A homeowner use power washer is about 1800 psi . I usually use one about 2700 to 3000 psi . I don't think you would use mine to wash your car unless your looking to remove the paint


----------



## Dave Mac

I got a honda 13hp that is about 8 years old changed the oil maybe three times, still going strong, had to replace the stock pump once


----------



## Dave Mac

Bobbo said:


> A homeowner use power washer is about 1800 psi . I usually use one about 2700 to 3000 psi . I don't think you would use mine to wash your car unless your looking to remove the paint


most pros will tell you psi is not what seperates a pro machine from a homeowner machine gpm is what its all about,


----------



## PressurePros

My machines go 2000 hours before a pump rebuild. Engines last 4000-5000 hours. Home store units are garbage for the most part. For $1,500 and maybe another $500 in maintenance you can have a unit that flows 4 gpm that lasts ten years. That's $200/year. Professionals invest in their tools. That's what makes us pros, right?


----------



## Bobbo

PressurePros said:


> My machines go 2000 hours before a pump rebuild. Engines last 4000-5000 hours. Home store units are garbage for the most part. For $1,500 and maybe another $500 in maintenance you can have a unit that flows 4 gpm that lasts ten years. That's $200/year. Professionals invest in their tools. That's what makes us pros, right?

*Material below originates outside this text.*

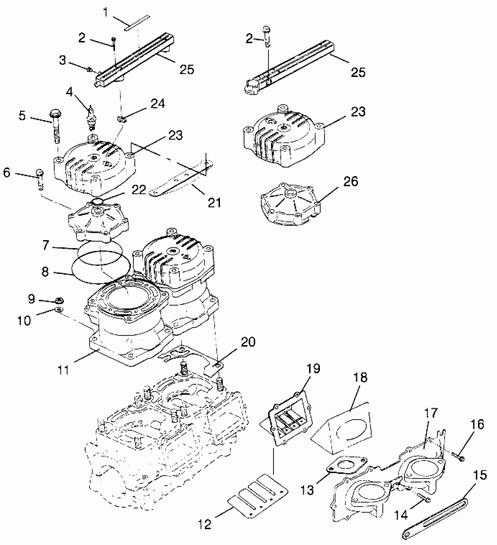 Polaris SLT 700 - B964166 CYLINDER & MANIFOLD SLT 700 B964166 and Intl. SLT 700 I964166 (4933923392B014) Diagram

My main business is painting , The power washing is mostly for decks or houses I'm going to paint . I do a good share of pressure washing jobs but mainly just in the summer time . If I had more call for it I would invest in a larger machine but I don't know if that expenditure is warranted ?


----------



## Schmidt & Co.

Over 20 years old doing just decks and house washes for painting. It's in the shop for the first time right now getting a new unloader, return hose and fuel hose replacement. It's going to run me $280.00, not bad for over twenty years.


----------



## Bobbo

Do you guys empty the fuel out of your power washer in the winter or add a fuel stabilizer or something ? One of the problems I had was fuel gelling up in the lines . Is it me or just bad gas


----------



## Schmidt & Co.

I always just make sure to run it dry on the last job of the year.


----------



## Oden

We're living in a throw away world and I'm down with it. I buy the 2700 Psi or so cheap powerwasher from the depot. It pays itself off in a week the rest is gravy.
When something major breaks it won't see a shop it'll go to scrap and I get another one. I get outa there for like three hundred bucks so who cares.


----------



## C Parks Enterprise

Dave Mac said:


> I got a honda 13hp that is about 8 years old changed the oil maybe three times, still going strong, had to replace the stock pump once



I get mine from water cannon. 13 hp 4gpm. mounted on trailer and take it off in the winter to store in my garage. I have bought 2 in the last 12 years. The other is being used on another trailer by a guy helping me out.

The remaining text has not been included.